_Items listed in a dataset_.
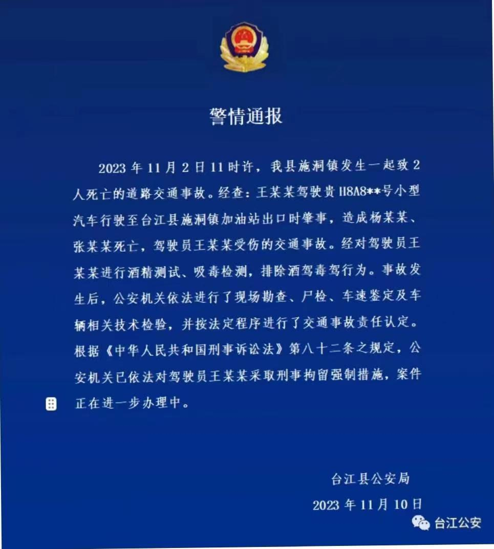 2023年11月2日11时许,我县施洞镇发生一起致2人死亡的道路交通事故。经查:王某某驾驶贵H8A8**号小型汽车行驶至台江县施洞镇加油站出口时肇事,造成杨某某、张某某死亡,驾驶员王某某受伤的交通事故。
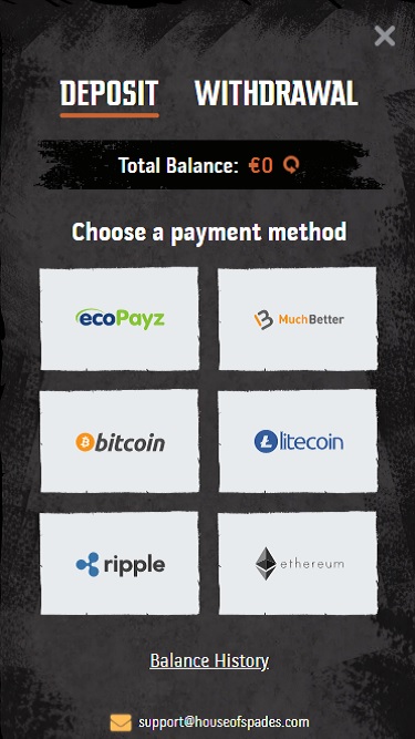 尽管 House Of Spades 赌场的出纳员依赖于各个国家/地区,但无论您来自哪个赌博管辖区,它都支持各种支付方式,包括加密货币银行选项。
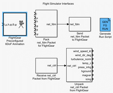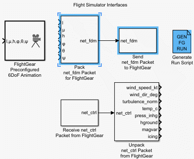 FlightGear, Предварительно сконфигурированный 6DoF, блок Анимации - подсистема, содержащая Пакет net_fdm Пакет для FlightGear, и Пошлите net_fdm Пакет в блоки FlightGear:
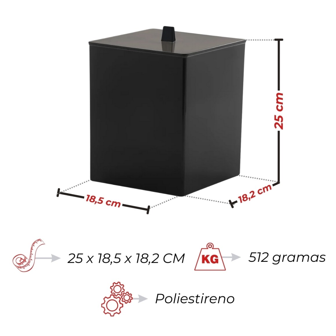 Lixeira Quadrada Preta 25 x 18,5 x 18,2 cm da Paramount
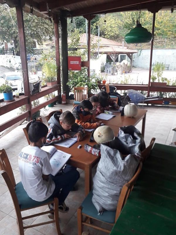 Εκεί, έχει διαμορφώσει έναν χώρο έξω από το κατάστημα, όπου τα παιδιά μαζεύονται μέσα στο κρύο και προσπαθούν να κάνουν μάθημα. Και λέμε προσπαθούν, μιας και το μοναδικό laptop που διέθετε ο κύριος Ξουλεής και τα 2-3 κινητά που στηρίζουν πάνω σε κολοκύθες, δεν αρκούν για να καλυφθεί η ανάγκη. Αλλά και να συνέβαινε αυτό, η εικόνα 5 παιδιών να πασχίζουν να ζεσταθούν και παράλληλα να μορφωθούν δίχως τα στοιχειώδη, δεν τιμά κανέναν.
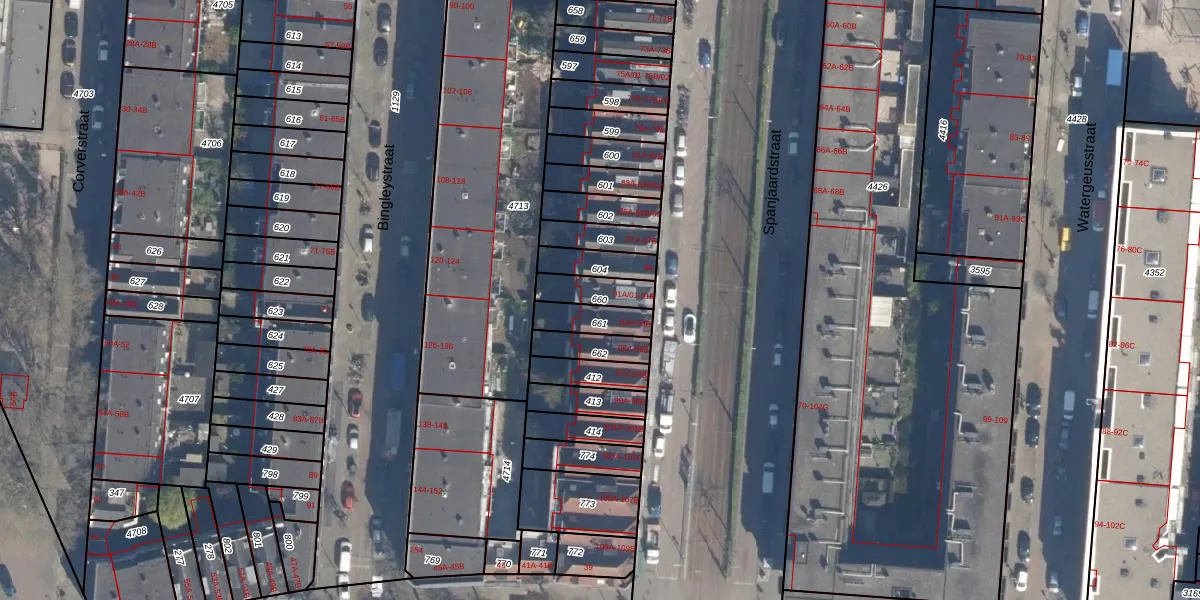 Gebruik de zoekbalk of klik op een perceel om informatie over het perceel te bekijken.
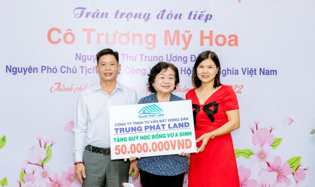 Ngày 30/7/2022 Đồng chí Trương Mỹ Hoa nguyên Phó Chủ tịch nước CHXHCN Việt Nam - Chủ tịch quỹ học bổng Vừng A Dính thăm và làm việc với Ban giám đốc Công ty Bất động sản Trung Phát Land tiếp đoàn có ông Lê Văn Giang giám đốc công ty là một trong những thành viên của câu lạc bộ "Vì Hoàng Sa - Trường Sa thân yêu" - Quỹ học bổng Vừ A Dính.
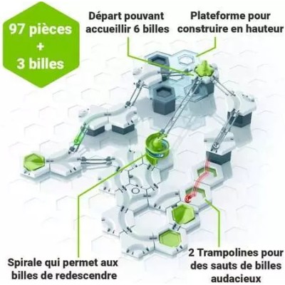 Le coffret GraviTrax Action Set Twist contient 101 pièces au total dont 2 éléments spéculaires inclus : le trampoline et la spirale !
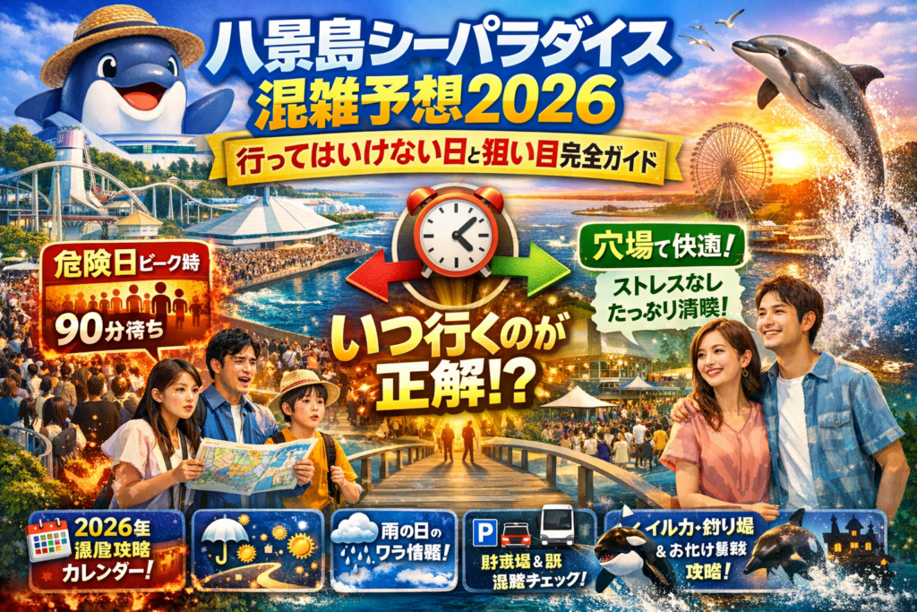 本記事は、2026年の年間カレンダーから曜日別・時間帯別のピーク、雨の日と三連休の「穴場」と「危険日」、駐車場と最寄り駅の混雑、イルカショーやお化け屋敷、釣り堀(うみファーム)までを一つのロジックで束ね、「危ない日を外しつつ、家族やカップルが無理なく楽しめる一日の設計図」を示します。単なる混雑予想ではなく、複数のデータとリアルタイム情報をどう組み合わせれば、2026年のシーパラで失敗せずに済むのか──その具体的な判断基準を、最初から最後まで通しで手に入れてください。
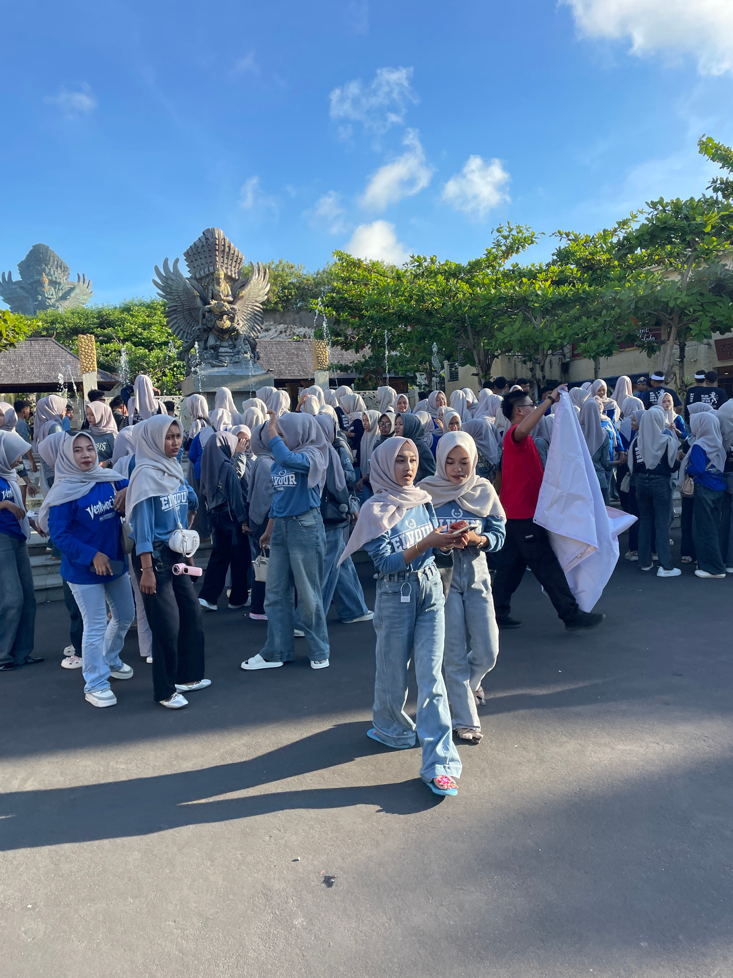 A crowd of people are lined up in Kuta Selatan, Indonesia. Most of the people are wearing a light-colored hijab and a light blue or dark blue sweatshirt, blue jeans, and sneakers. In the background isβ¦read more
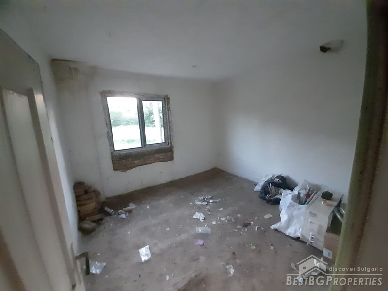 The house has two floors - a ground floor (3 rooms + a large corridor) and a second floor (3 rooms + a large corridor). The construction is solid, although the house requires complete renovation. The roof has already been repaired. There are no leaks. The windows have been replaced and an armored front door has been installed on the second floor.
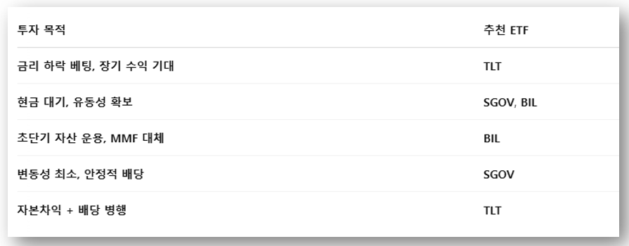 TLT, SGOV, BIL은 단순한 채권 ETF가 아닙니다.

_TASK DESCRIPTION_.
Copy out all the data above exactly as written. Skip the pictures.

_REPLY_.
 2023年11月2日11时许,我县施洞镇发生一起致2人死亡的道路交通事故。经查:王某某驾驶贵H8A8**号小型汽车行驶至台江县施洞镇加油站出口时肇事,造成杨某某、张某某死亡,驾驶员王某某受伤的交通事故。
 尽管 House Of Spades 赌场的出纳员依赖于各个国家/地区,但无论您来自哪个赌博管辖区,它都支持各种支付方式,包括加密货币银行选项。
 FlightGear, Предварительно сконфигурированный 6DoF, блок Анимации - подсистема, содержащая Пакет net_fdm Пакет для FlightGear, и Пошлите net_fdm Пакет в блоки FlightGear:
 Lixeira Quadrada Preta 25 x 18,5 x 18,2 cm da Paramount
 Εκεί, έχει διαμορφώσει έναν χώρο έξω από το κατάστημα, όπου τα παιδιά μαζεύονται μέσα στο κρύο και προσπαθούν να κάνουν μάθημα. Και λέμε προσπαθούν, μιας και το μοναδικό laptop που διέθετε ο κύριος Ξουλεής και τα 2-3 κινητά που στηρίζουν πάνω σε κολοκύθες, δεν αρκούν για να καλυφθεί η ανάγκη. Αλλά και να συνέβαινε αυτό, η εικόνα 5 παιδιών να πασχίζουν να ζεσταθούν και παράλληλα να μορφωθούν δίχως τα στοιχειώδη, δεν τιμά κανέναν.
 Gebruik de zoekbalk of klik op een perceel om informatie over het perceel te bekijken.
 Ngày 30/7/2022 Đồng chí Trương Mỹ Hoa nguyên Phó Chủ tịch nước CHXHCN Việt Nam - Chủ tịch quỹ học bổng Vừng A Dính thăm và làm việc với Ban giám đốc Công ty Bất động sản Trung Phát Land tiếp đoàn có ông Lê Văn Giang giám đốc công ty là một trong những thành viên của câu lạc bộ "Vì Hoàng Sa - Trường Sa thân yêu" - Quỹ học bổng Vừ A Dính.
 Le coffret GraviTrax Action Set Twist contient 101 pièces au total dont 2 éléments spéculaires inclus : le trampoline et la spirale !
 本記事は、2026年の年間カレンダーから曜日別・時間帯別のピーク、雨の日と三連休の「穴場」と「危険日」、駐車場と最寄り駅の混雑、イルカショーやお化け屋敷、釣り堀(うみファーム)までを一つのロジックで束ね、「危ない日を外しつつ、家族やカップルが無理なく楽しめる一日の設計図」を示します。単なる混雑予想ではなく、複数のデータとリアルタイム情報をどう組み合わせれば、2026年のシーパラで失敗せずに済むのか──その具体的な判断基準を、最初から最後まで通しで手に入れてください。
 A crowd of people are lined up in Kuta Selatan, Indonesia. Most of the people are wearing a light-colored hijab and a light blue or dark blue sweatshirt, blue jeans, and sneakers. In the background isβ¦read more
 The house has two floors - a ground floor (3 rooms + a large corridor) and a second floor (3 rooms + a large corridor). The construction is solid, although the house requires complete renovation. The roof has already been repaired. There are no leaks. The windows have been replaced and an armored front door has been installed on the second floor.
 TLT, SGOV, BIL은 단순한 채권 ETF가 아닙니다.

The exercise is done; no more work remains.